En el año 2001 yo vivía mi tranquila vida como párroco de una deliciosa parroquia sin saber que una perfecta desconocida llamada Marta y que estaba luchando por su vida en un hospital, me iba a cambiar la vida. Vivía lejos de mí, en otra provincia, nunca nos habíamos conocido, y, sin embargo, nuestras vidas se iban a entrelazar de un modo inextricable. Los médicos comentaban la extraña enfermedad que padecía aquella universitaria vigilada 24 horas en la UCI un extraño síndrome cuyo nombre callaré para evitar la identificación de esta jovencita de una carrera de ciencias.
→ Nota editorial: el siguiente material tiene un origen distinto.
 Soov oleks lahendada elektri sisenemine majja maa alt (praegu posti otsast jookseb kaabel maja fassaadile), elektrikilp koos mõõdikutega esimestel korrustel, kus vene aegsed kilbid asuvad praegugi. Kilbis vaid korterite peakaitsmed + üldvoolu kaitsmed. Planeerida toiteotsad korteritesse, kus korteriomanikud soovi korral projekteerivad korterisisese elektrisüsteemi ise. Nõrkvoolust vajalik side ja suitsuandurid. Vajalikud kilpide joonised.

La chica estuvo al borde de la muerte durante doce días mientras su madre no hacía más que rezar y rezar para que su hija viviera.
La enfermedad pasó. La joven volvió a su casa. La vida de aquella madre e hija que vivían solas debía haber vuelto a la normalidad. Pero no fue así. La madre comenzó a notar cosas extrañas. Ruidos, crujidos de difícil explicación recorrían la casa. Trató de no darle mayor importancia.
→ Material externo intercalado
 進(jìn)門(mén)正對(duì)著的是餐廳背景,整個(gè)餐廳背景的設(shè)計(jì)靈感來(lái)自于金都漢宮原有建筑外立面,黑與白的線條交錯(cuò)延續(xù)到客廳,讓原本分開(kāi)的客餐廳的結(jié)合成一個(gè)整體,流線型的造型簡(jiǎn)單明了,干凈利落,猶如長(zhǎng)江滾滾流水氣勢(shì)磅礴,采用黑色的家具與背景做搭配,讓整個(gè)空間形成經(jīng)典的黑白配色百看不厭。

Sin embargo, pronto comenzó a notar en su hija reacciones que en ella no eran normales. Había discusiones a la hora de ir a misa en los días festivos, en algunos momentos mostraba animadversión hacia lo religioso, bostezos casi continuos en el momento en que ella, la madre, comenzaba a rezar, a veces una mirada aterradora que jamás había visto en su hija. La hija comenzaba a mostrar dificultad para centrarse en sus estudios, embotamiento, dolores punzantes y repetitivos en cualquier parte del cuerpo, sobre todo en la cabeza.
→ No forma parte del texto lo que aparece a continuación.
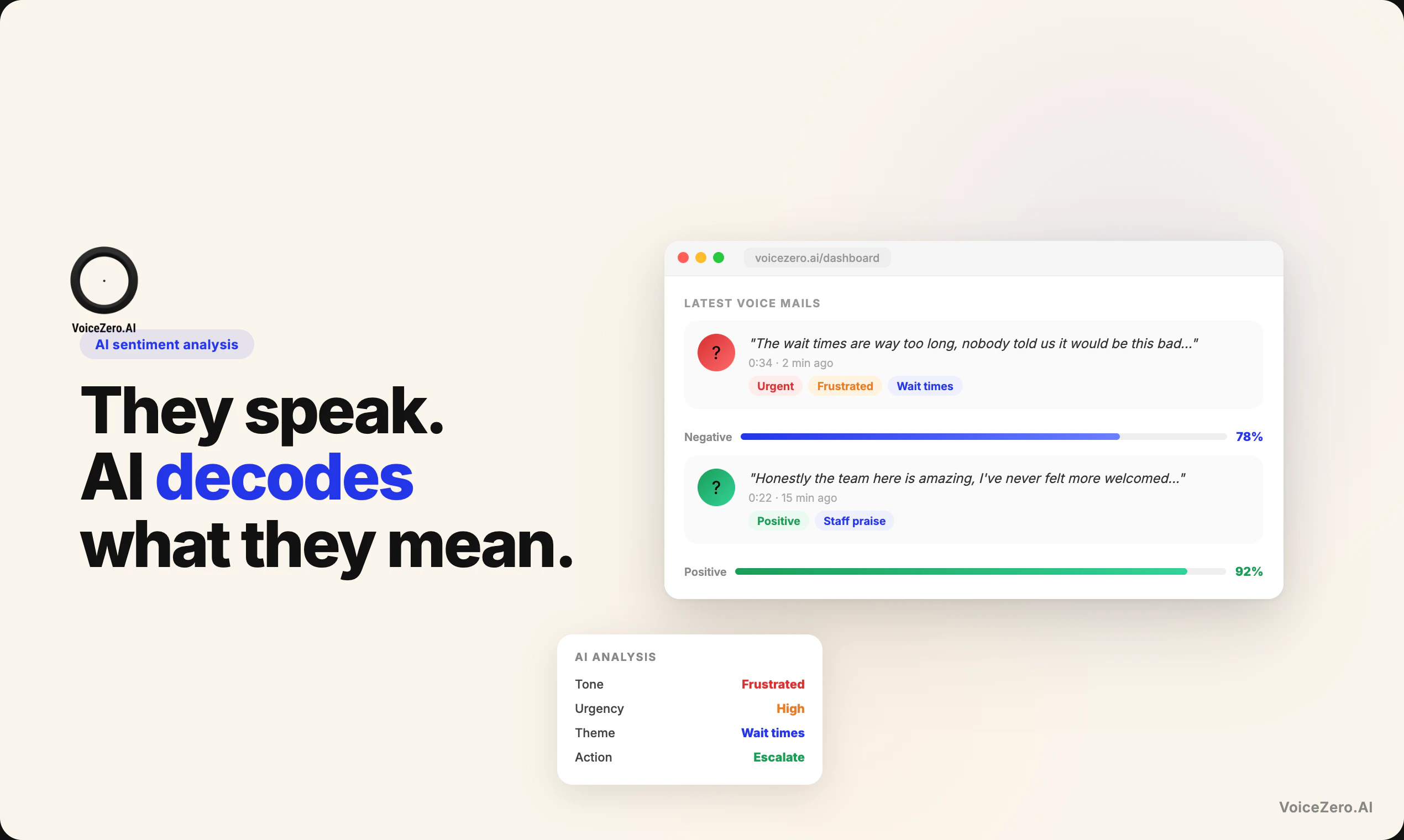 Surveys miss 90% of what people mean. VoiceZero captures anonymous voice feedback via QR code, Wh...

Pero todo esto sólo era el comienzo, un día estaban madre e hija juntas en el salón cuando la madre aterrada observó sin dar crédito a sus ojos como su hija entraba en trance, se quedaba inmóvil y comenzaba a levitar con el butacón. La madre no podía creer lo que estaba viendo. El pesado butacón con su hija sentada encima se levantaba lentamente del suelo un palmo, permaneciendo suspendido en el aire. Desde ese momento tuvo la invencible seguridad de que lo que tenía su hija no era nada que pudiera ser curado con medicinas. Seguridad inconmovible que le acompañaría durante los dos años siguientes. Todo esto puede parecer increíble al incrédulo, puede ser motivo de mofa para el escéptico… pero cuando se ve no hay lugar para el escepticismo. Cuando uno ve con sus propios ojos estas cosas la incredulidad ya no es posible. La sonrisa del escéptico se hiela en la cara, los ojos refutan todas las teorías. Las razones nada pueden frente a lo que ven los ojos.
En ese momento comienza un peregrinaje eclesiástico, peregrinaje que cuento con la esperanza de que aprendiendo en cabeza ajena se pongan los medios para que no tenga que volver a repetirse nunca más. Cuento este viacrucis eclesiástico para que aprendiendo en cabeza ajena (o dicho de otra manera, aprendiendo a costa de sufrimiento ajeno), los que tengan autoridad en la Iglesia entiendan que hay que tomar medidas para que casos así no se repitan.